息子が結婚したいという時 Ⅱ
10月 11th, 2012 by hpone_support2A1
私には子供が3人います。一番下の二十歳の次男はまだ大学三年生で結婚には暫く縁がないでしょうから当分そのことで戸惑ったり、悩んだりすることもない筈です。また、長男より1歳年上の長女が高校時代から付き合っていた同級生との結婚を可なり早い内から概ね決めていた点については、私を含む周囲の人間もそうなるであろう事を予感し、殆ど混乱はありませんでした。ところが、全く予期せぬ交際宣言から始まり、俄かに話が進行しつつある長男の結婚の話はno motionのストレートパンチのように防御体勢を取る間もなく問題意識や日常の秩序の感性の中枢に強い衝撃を与えました。従って、話の成り行き、そのことを受容してゆく過程では、動揺と逡巡に引き続く拒絶と諦念という葛藤を克服しなければなりませんでした。

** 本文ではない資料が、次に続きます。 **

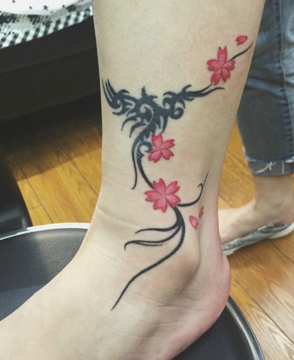 清新小桃花脚踝纹身_脚部纹身图案大全_纹身图吧

結婚に限らず重大な意志決定に当っては、余人の好悪や価値観の押し付けが殆ど有効でないばかりか、寧ろ逆効果で却って意地を通そうとする頑なさを助長する事があるので、周囲の期待とは裏腹の結果をもたらすことがしばしばあります。だから、説得に当たる者は落としどころを弁えて、程々の所で引き揚げる勇気と賢明さを持ち合わさなければなりません。つまり、そこには両者が歩み寄るべき暗黙の了解が存在する必要があります。こと結婚に関しては、当人の自由意志が最優先であり、親の出る幕などは無い筈なのに、結婚に関する世間の「許諾の一般的な形式」の多くは、不本意ながら意図して下手に出る子供に儀礼的な説教のひとつもして親の沽券が保たれるというのが両者にとっての最終的な合意の形であるでしょう。私は心から子供を信頼しているので、許可することが親の裁量権であるというような傲慢且つ不遜な気持ちは毛頭ありません。無論、尋ねられれば感想や否応の返答をするし、おせっかい染みたアドバイスもし、親としての考え得る最善の選択枝を提供する努力はします。今度の事については、兎にも角にももう少し時間を置き、距離を置いて相手を充分に観察、評価すべきであると言うのが私や妻の考えでした。しかしながら、彼に動かし難い強い意志があると解かった時、最早二人の関係を中断させるというような棚上げ論的やり方は通用しませんでした。話をご破算にすることを前提とするある種の交渉は既に限界であることを実感しました。たとえ息子の意思を曲げさせることに成功したとしても、以後の彼に残された選択枝が私や彼にとってより満足すべきものである保証は何処にもないのみならず、失意の余り世を儚んで彼が立ち直れないようなことがあったら身も蓋もないというのが私の結論でした。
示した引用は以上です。